Nothing outside the range is to be copied. From the entries below, reproduce exactly the lines starting at the one with "Dein Text liest" and ending at the one with "- تلفزيون 43", without pictures.

********

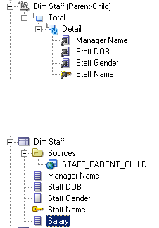 Salary is defined as being part of the Logical Dimension itself. If we now do the reporting on the Parent-Child Hierarchy and Salary, we should now be able to see Salary as an attribute
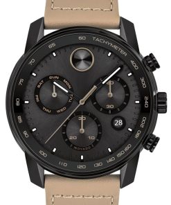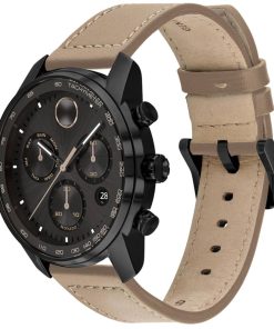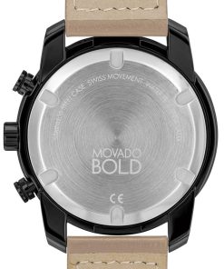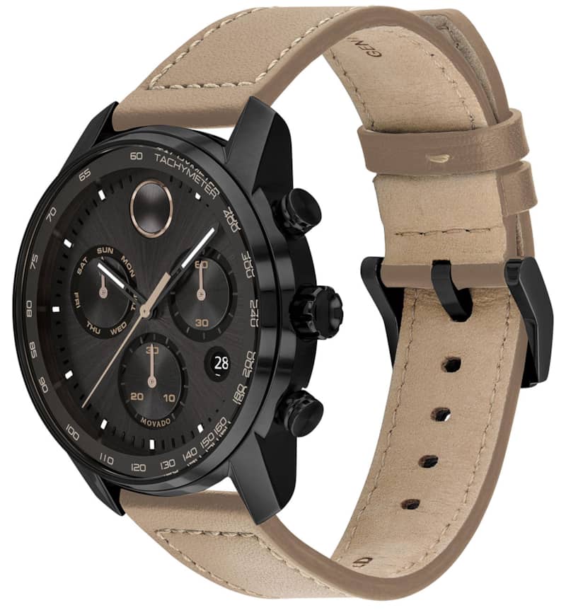 Movado BOLD Verso Chronograph Black Dial Taupe Leather Strap Watch, 44mm
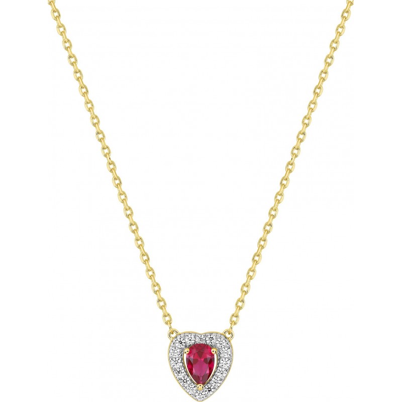 Collier en plaque or avec pendentif sertis d'oxydes de zirconium rouge et blancs sur chaine maille forçat. Fermoir anneau ressort. Longueur ajustable de 40cm à 45cm.
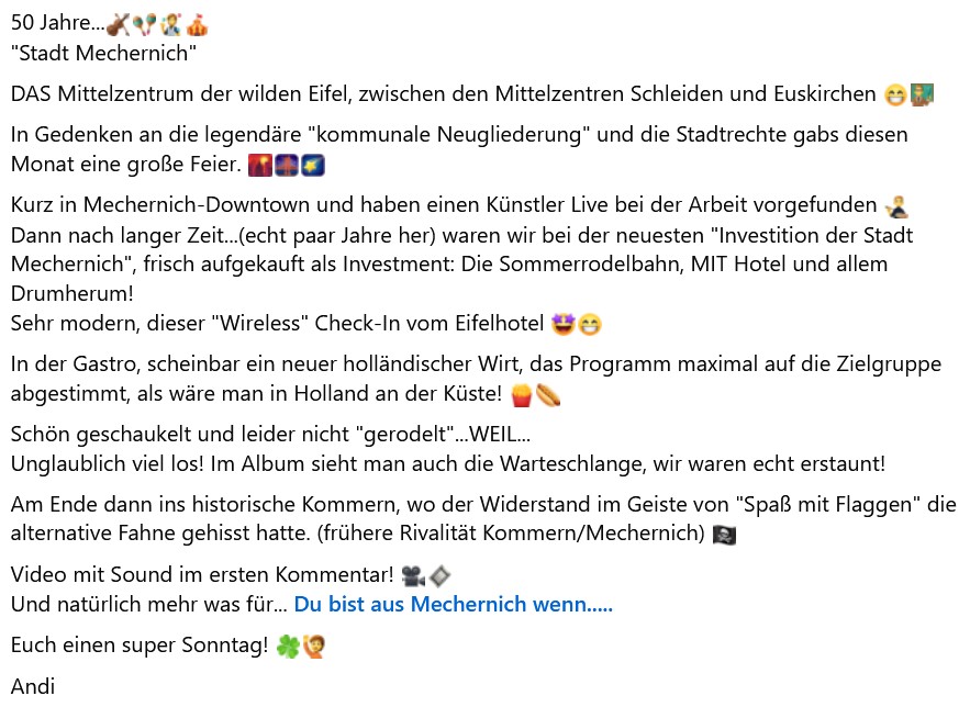 Dein Text liest sich wie eine kleine Chronik zum 50. Stadtgeburtstag von Mechernich – aber eben nicht staubtrocken, sondern mit genau deinem typischen Augenzwinkern 😁. Ich mag besonders, wie du die "kommunale Neugliederung" (die sonst keiner freiwillig auf einer Party erwähnen würde 😂) in eine bunte Erzählung einbaust – zwischen Sommerrodelbahn, MIT-Hotel und holländischem Wirt, der die Eifel-Küste erfindet 🌊🍻.
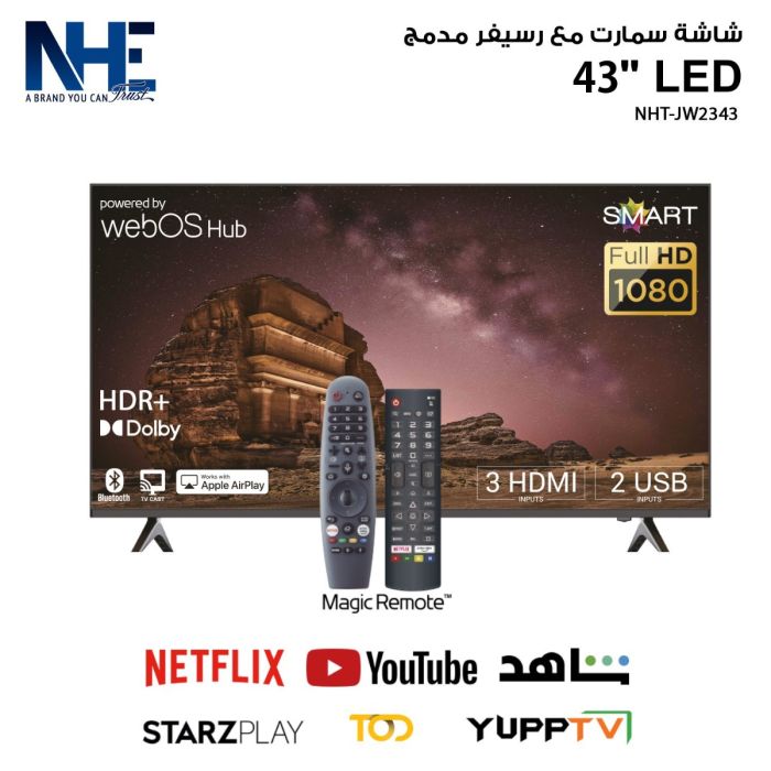 - تلفزيون 43 بوصة LED ذكي FHD من NHE + قاعدة حائط مجانا
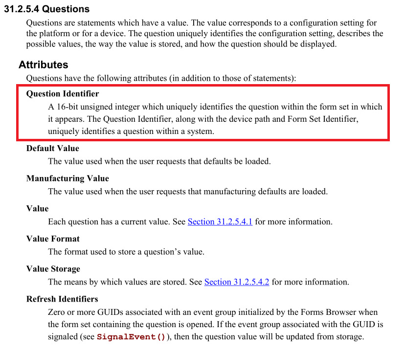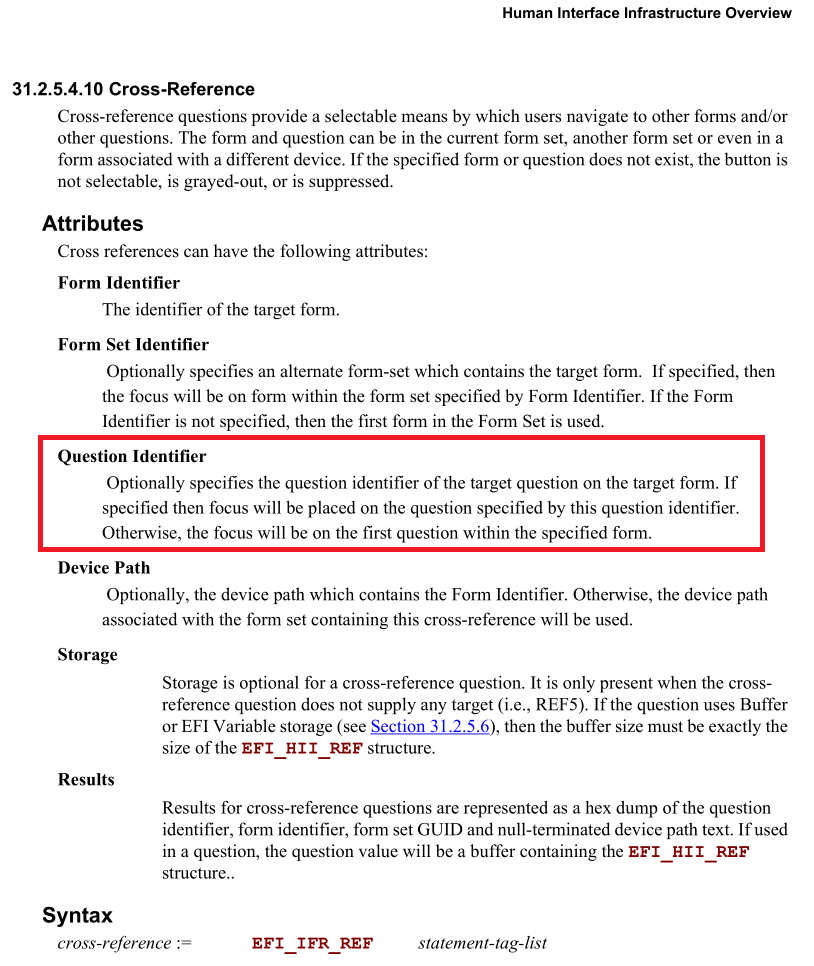 CodeRush Спасибо. Понял, что это не переменные, а просто ссылки. Нашел исходные переменные. Доработаю на этот предмет на досуге Universal IFR Extractor. А как писать в переменную не Var Store: Setup? setup_var из GRUB ведь не подойдет? P.S. Я наконец-то автоматизировал вытаскивание меню из Phoenix SecureCore Tiano. Там оказался все тот же IFR, но Universal IFR Extractor чуть исправить пришлось.
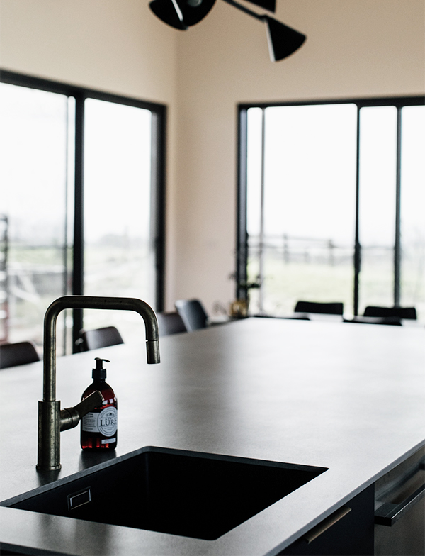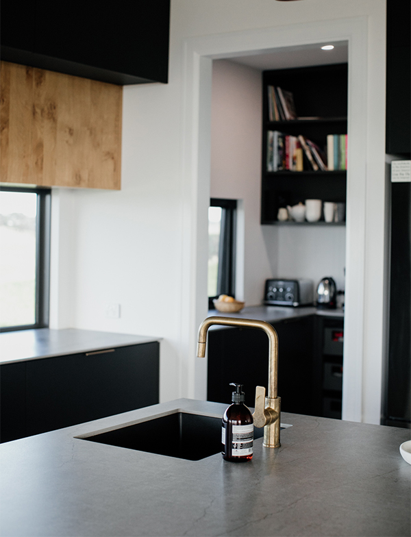 Zeos Sink Mixers with Pull Out nozzles were chosen for the kitchen and butler’s sinks to make for easy cleaning. The Antique Brass Light finish was the perfect choice, as it brings out the warmth in the timber cabinetry and blends well with the dark Cosentino benchtops, for a warm homely feel.
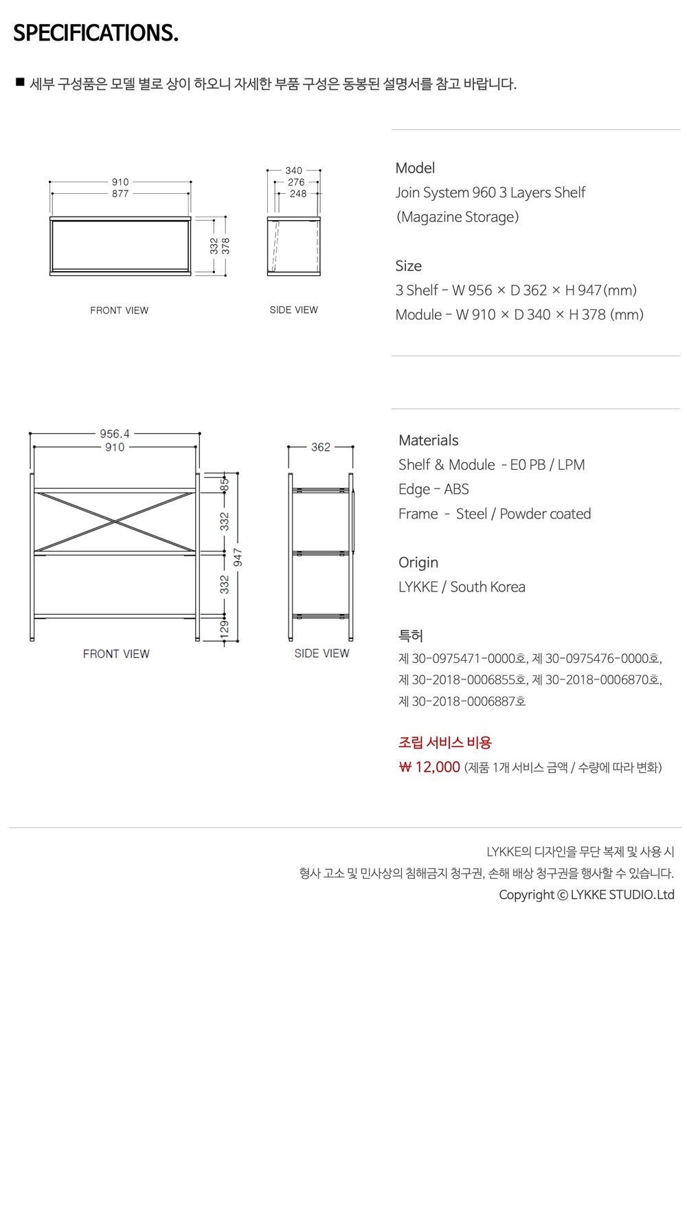 조인 시스템 960 3단 선반장(매거진랙 수납장)
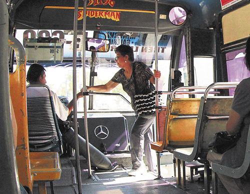 “De todo lo que se dice en la tele, nada es cierto, no tenemos seguro, no tenemos dónde ir al baño, no tenemos tiempo para comer, andamos siempre a presión, ganamos porcentaje, sin prestaciones. Trabajo jornadas de 24 horas, nos pagan con boletaje”, comenta Jaime Arias, operador de la ruta 142, quien aprovecha la luz roja de los semáforos para terminarse el lonche que era a la vez su desayuno y su comida.

********

Solution to this problem:
 Dein Text liest sich wie eine kleine Chronik zum 50. Stadtgeburtstag von Mechernich – aber eben nicht staubtrocken, sondern mit genau deinem typischen Augenzwinkern 😁. Ich mag besonders, wie du die "kommunale Neugliederung" (die sonst keiner freiwillig auf einer Party erwähnen würde 😂) in eine bunte Erzählung einbaust – zwischen Sommerrodelbahn, MIT-Hotel und holländischem Wirt, der die Eifel-Küste erfindet 🌊🍻.
 - تلفزيون 43 بوصة LED ذكي FHD من NHE + قاعدة حائط مجانا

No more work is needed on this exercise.